#### Task requirements
Everything from the line with "The Chocolate Delight" to the line with "Download Шаблон сертификата" in the listing below, both lines included, needs to be copied exactly, apart from the pictures.

#### Data listing
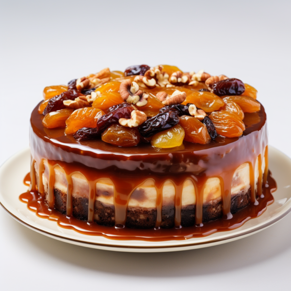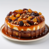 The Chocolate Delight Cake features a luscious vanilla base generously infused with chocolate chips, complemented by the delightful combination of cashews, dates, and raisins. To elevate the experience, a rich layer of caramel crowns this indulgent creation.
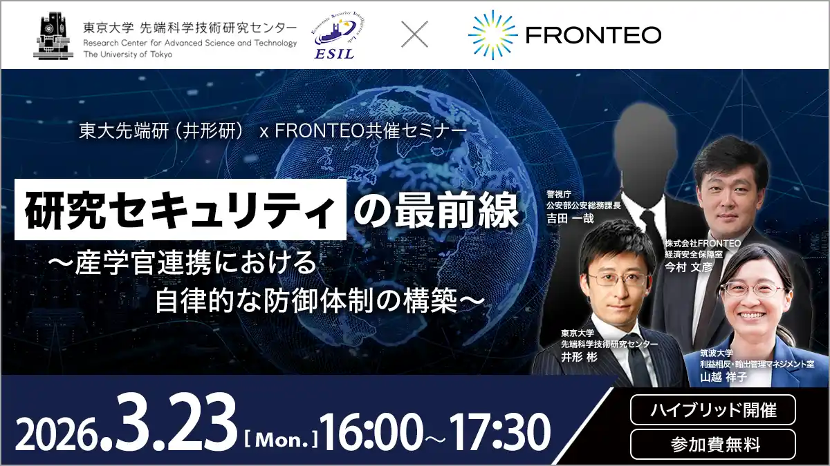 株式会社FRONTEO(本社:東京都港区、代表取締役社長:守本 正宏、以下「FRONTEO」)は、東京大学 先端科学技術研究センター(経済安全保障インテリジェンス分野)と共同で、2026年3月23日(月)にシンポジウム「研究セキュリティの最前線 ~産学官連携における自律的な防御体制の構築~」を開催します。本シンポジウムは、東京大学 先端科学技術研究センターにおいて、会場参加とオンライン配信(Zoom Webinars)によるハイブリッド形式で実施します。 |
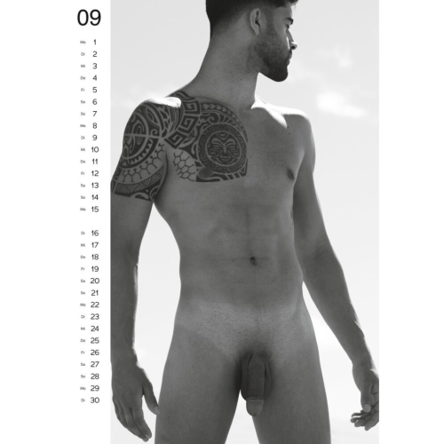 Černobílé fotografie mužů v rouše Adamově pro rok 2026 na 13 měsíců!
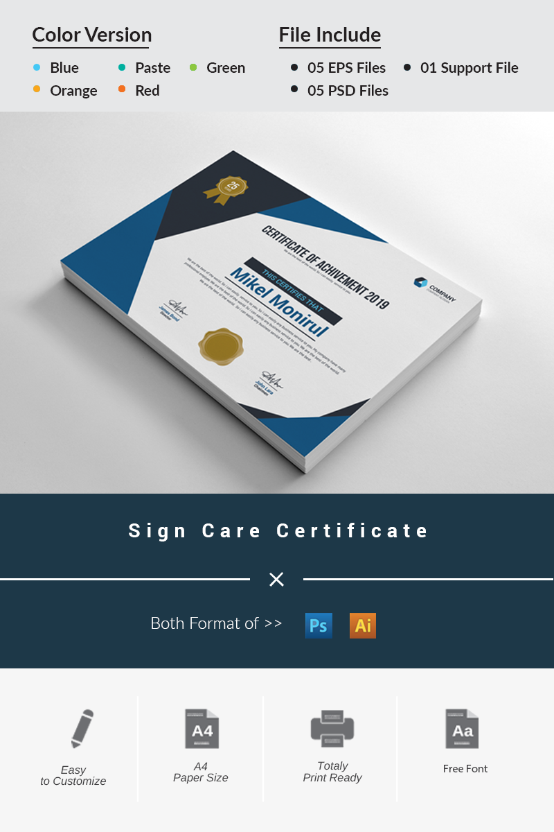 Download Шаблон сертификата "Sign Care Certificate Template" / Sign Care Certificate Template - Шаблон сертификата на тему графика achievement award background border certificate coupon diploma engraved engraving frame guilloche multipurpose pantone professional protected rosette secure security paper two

--

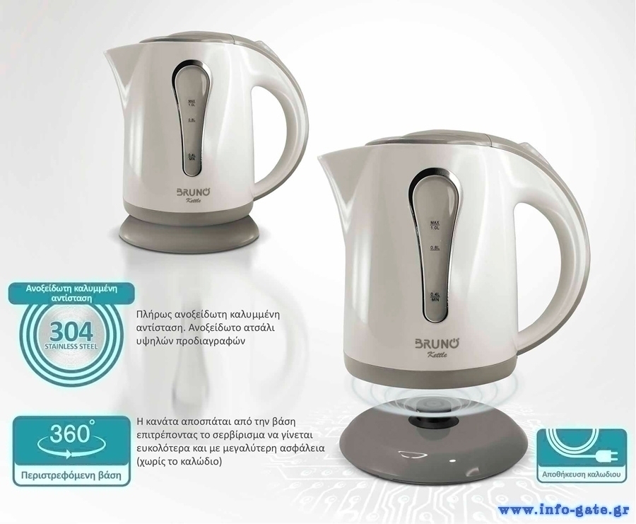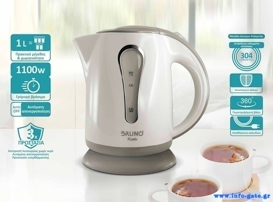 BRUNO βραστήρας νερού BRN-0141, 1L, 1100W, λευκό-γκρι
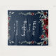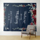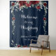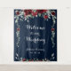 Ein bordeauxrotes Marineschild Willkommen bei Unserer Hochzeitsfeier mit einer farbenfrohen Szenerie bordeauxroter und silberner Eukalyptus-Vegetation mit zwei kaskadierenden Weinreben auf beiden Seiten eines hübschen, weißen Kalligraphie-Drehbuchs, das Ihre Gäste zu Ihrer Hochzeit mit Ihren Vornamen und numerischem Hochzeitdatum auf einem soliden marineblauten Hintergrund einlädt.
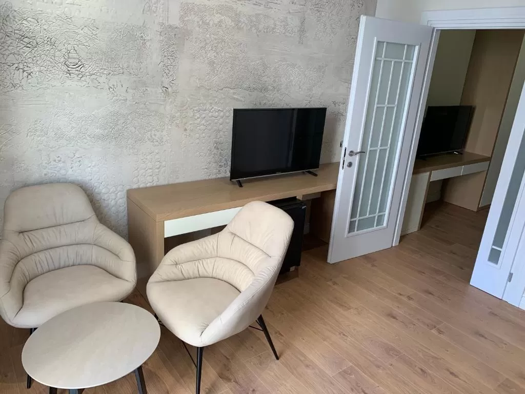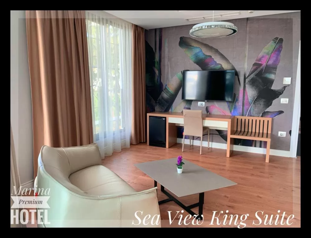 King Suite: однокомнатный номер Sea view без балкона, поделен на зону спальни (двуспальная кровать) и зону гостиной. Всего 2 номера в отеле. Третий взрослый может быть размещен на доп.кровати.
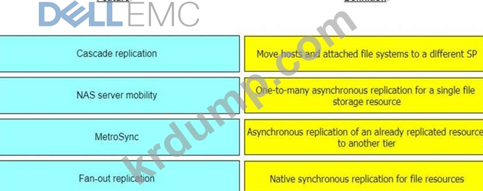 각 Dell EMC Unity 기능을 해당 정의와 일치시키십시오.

#### Output
 The Chocolate Delight Cake features a luscious vanilla base generously infused with chocolate chips, complemented by the delightful combination of cashews, dates, and raisins. To elevate the experience, a rich layer of caramel crowns this indulgent creation.
 株式会社FRONTEO(本社:東京都港区、代表取締役社長:守本 正宏、以下「FRONTEO」)は、東京大学 先端科学技術研究センター(経済安全保障インテリジェンス分野)と共同で、2026年3月23日(月)にシンポジウム「研究セキュリティの最前線 ~産学官連携における自律的な防御体制の構築~」を開催します。本シンポジウムは、東京大学 先端科学技術研究センターにおいて、会場参加とオンライン配信(Zoom Webinars)によるハイブリッド形式で実施します。 |
 Černobílé fotografie mužů v rouše Adamově pro rok 2026 na 13 měsíců!
 Download Шаблон сертификата "Sign Care Certificate Template" / Sign Care Certificate Template - Шаблон сертификата на тему графика achievement award background border certificate coupon diploma engraved engraving frame guilloche multipurpose pantone professional protected rosette secure security paper two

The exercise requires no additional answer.